As the U.S. approaches its 250th anniversary, it is worth remembering the American bald eagle.

Chosen in 1782 for the Great Seal of the United States, the eagle is native to North America, a symbol of a people who sought independence from Britain.

The eagle holds an olive branch in one talon and arrows in the other, reflecting the Founders’ understanding that a free nation must seek peace, but remain ready to defend itself.

That balance, peace through strength, has been central to the successful American foreign policy from Presidents Truman to Reagan.

American national security debates are often framed as a competition between hawks and doves.

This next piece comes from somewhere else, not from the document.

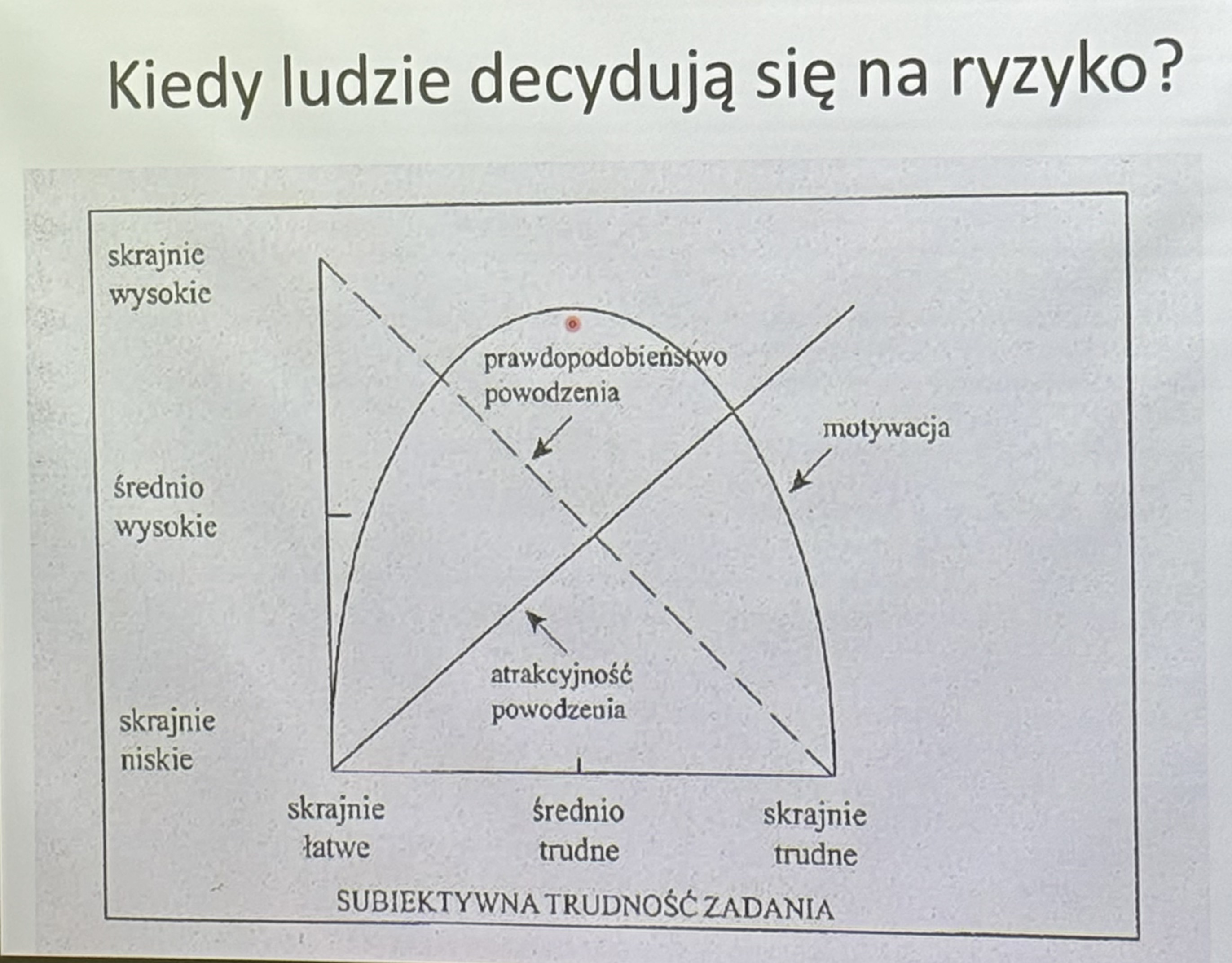 ALE gdy szansa prawdopodobieństwa bardzo niska, ryzyko też, motywacja spada (ofc nie zawsze, może być tak, że zadanie jest trudne ale “moje osobiste prawdopodobieństwo powodzenia” jest wyższe niż u innych wiec dam radę)

However, the real divide is between pragmatic hawks and doves and the ideological ones.

Under this formulation, there are four camps: pragmatic hawks, pragmatic doves, ideological hawks, and ideological doves.

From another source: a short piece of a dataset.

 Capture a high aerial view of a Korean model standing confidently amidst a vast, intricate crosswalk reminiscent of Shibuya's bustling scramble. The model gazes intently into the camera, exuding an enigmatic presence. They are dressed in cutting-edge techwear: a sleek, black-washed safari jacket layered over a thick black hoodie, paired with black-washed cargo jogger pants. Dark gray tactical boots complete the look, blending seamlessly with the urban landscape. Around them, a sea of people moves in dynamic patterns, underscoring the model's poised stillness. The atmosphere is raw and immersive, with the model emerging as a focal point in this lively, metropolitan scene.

The first two, pragmatic hawks and pragmatic doves, are the informal “Eagle coalition.”

Eagles may disagree sharply, but they share a common premise: policy must be flexible, nonideological, and serve the U.S. by pursuing goals that are necessary and workable.

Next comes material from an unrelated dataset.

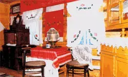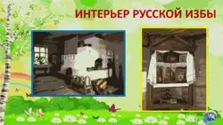 Проводит упражнение "Что где?". Предлагает рассмотреть картину с изображением интерьера татарской избы и составить предложение по ней, ответив на вопрос "Что где находится?"

Pragmatic hawks believe Iran cannot be allowed to acquire nuclear weapons under any circumstances, and that if and when the regime cannot be reliably deterred, the U.S. needs to use force.

Pragmatic doves oppose war with Iran because they do not believe it serves our national interests.

These are healthy disagreements because both sides are arguing within the same framework. Eagles are opposed by an informal “Swan coalition.” Swans are motivated by abstract ideas, from isolationism to Wilsonian internationalism, and, in some cases, sympathy for some version of socialism and communism.

Some ideological hawks might support intervention to promote democratization. The ideological doves among the swans oppose American action regardless of context.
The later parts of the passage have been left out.